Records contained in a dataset
****************************************

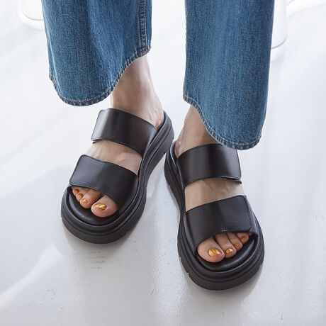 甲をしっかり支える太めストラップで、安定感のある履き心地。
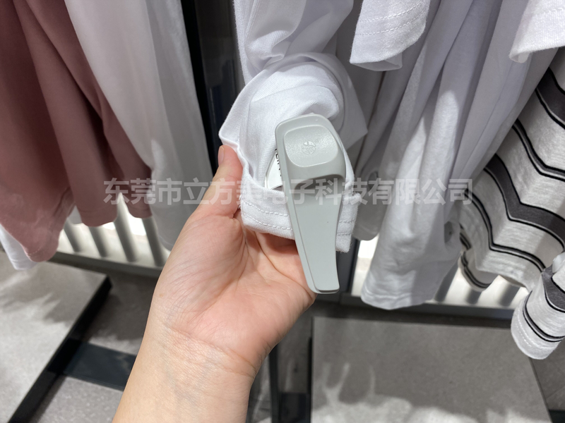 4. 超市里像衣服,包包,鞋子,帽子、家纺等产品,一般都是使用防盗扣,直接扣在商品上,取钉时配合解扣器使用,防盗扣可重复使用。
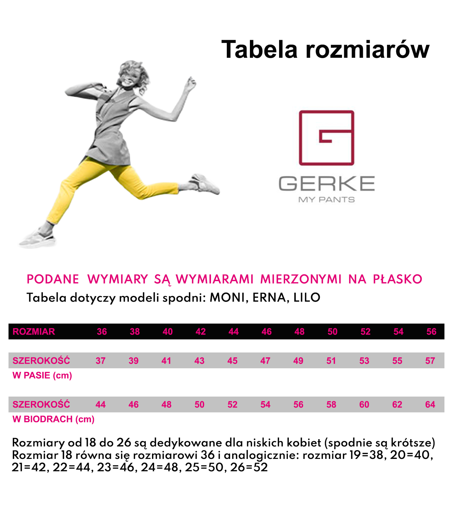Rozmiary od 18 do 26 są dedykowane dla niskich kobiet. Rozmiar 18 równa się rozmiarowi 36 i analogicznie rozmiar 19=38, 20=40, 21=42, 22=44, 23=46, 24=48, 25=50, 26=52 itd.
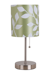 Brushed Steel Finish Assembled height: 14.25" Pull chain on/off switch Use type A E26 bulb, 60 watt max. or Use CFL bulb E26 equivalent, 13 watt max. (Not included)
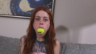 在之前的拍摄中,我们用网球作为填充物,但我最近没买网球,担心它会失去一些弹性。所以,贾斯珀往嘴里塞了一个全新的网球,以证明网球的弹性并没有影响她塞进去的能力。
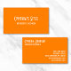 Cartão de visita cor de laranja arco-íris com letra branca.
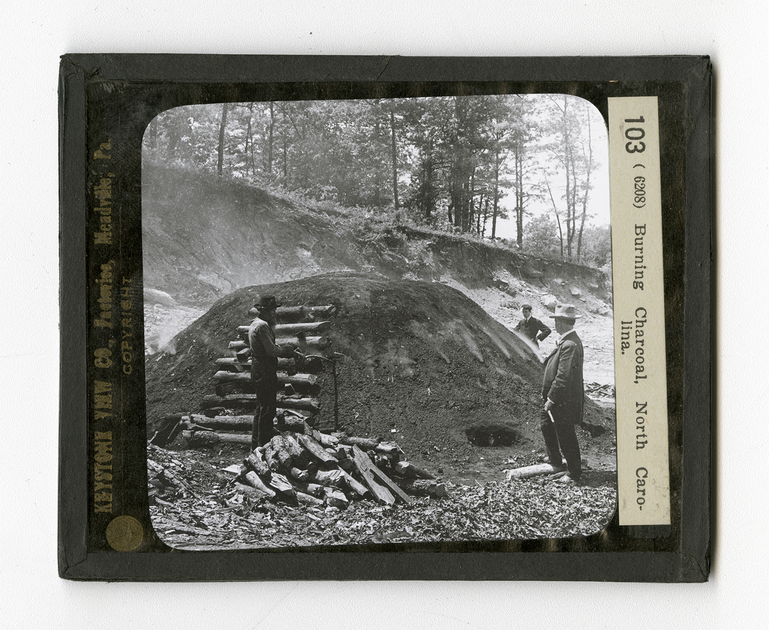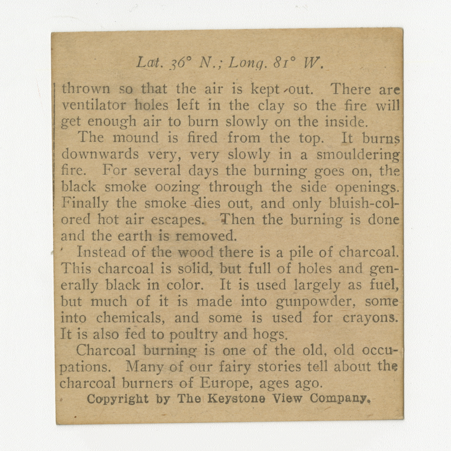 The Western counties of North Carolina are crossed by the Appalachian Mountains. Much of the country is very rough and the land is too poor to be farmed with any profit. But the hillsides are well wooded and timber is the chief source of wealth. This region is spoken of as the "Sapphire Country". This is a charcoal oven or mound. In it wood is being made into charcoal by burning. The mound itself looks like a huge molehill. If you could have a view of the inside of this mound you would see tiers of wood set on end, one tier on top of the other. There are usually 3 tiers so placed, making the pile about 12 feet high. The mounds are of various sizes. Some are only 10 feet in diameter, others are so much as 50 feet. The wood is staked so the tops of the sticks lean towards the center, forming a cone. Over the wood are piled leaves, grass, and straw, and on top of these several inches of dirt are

****************************************

§ **WORK TO COMPLETE**: Reproduce exactly the lines that run from the line holding "Cartão de visita" through the final line of the entries, and omit every picture.

§ **SOLUTION TO THIS PROBLEM**:
 Cartão de visita cor de laranja arco-íris com letra branca.
 The Western counties of North Carolina are crossed by the Appalachian Mountains. Much of the country is very rough and the land is too poor to be farmed with any profit. But the hillsides are well wooded and timber is the chief source of wealth. This region is spoken of as the "Sapphire Country". This is a charcoal oven or mound. In it wood is being made into charcoal by burning. The mound itself looks like a huge molehill. If you could have a view of the inside of this mound you would see tiers of wood set on end, one tier on top of the other. There are usually 3 tiers so placed, making the pile about 12 feet high. The mounds are of various sizes. Some are only 10 feet in diameter, others are so much as 50 feet. The wood is staked so the tops of the sticks lean towards the center, forming a cone. Over the wood are piled leaves, grass, and straw, and on top of these several inches of dirt are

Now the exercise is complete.